▶ **SUPPLIED INFORMATION**:
*-*-*
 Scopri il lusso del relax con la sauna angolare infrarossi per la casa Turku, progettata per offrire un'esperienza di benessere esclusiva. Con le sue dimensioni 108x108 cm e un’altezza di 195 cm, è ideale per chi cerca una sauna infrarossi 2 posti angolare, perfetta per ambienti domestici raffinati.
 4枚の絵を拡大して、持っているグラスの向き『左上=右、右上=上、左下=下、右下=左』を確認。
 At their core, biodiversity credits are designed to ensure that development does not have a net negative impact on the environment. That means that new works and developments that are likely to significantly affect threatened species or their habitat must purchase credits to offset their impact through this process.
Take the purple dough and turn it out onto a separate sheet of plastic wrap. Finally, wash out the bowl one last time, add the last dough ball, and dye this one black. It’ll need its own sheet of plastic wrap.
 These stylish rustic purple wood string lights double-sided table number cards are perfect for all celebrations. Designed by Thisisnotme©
*-*-*
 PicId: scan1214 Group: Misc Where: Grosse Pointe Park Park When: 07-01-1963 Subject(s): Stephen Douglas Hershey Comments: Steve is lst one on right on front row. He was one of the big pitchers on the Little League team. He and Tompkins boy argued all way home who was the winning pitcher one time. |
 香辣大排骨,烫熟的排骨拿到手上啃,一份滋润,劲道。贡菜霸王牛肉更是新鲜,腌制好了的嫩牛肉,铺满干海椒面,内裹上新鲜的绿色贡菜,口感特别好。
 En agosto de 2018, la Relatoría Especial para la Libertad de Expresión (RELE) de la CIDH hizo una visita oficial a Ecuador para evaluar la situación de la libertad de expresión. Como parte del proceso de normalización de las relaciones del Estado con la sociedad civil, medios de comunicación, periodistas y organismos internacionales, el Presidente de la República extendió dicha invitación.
*-*-*
▶ **WHAT THE TASK REQUIRES**: Reply with every line of the listing that has the string "time".

▶ **OUTPUT**:
Take the purple dough and turn it out onto a separate sheet of plastic wrap. Finally, wash out the bowl one last time, add the last dough ball, and dye this one black. It’ll need its own sheet of plastic wrap.
 PicId: scan1214 Group: Misc Where: Grosse Pointe Park Park When: 07-01-1963 Subject(s): Stephen Douglas Hershey Comments: Steve is lst one on right on front row. He was one of the big pitchers on the Little League team. He and Tompkins boy argued all way home who was the winning pitcher one time. |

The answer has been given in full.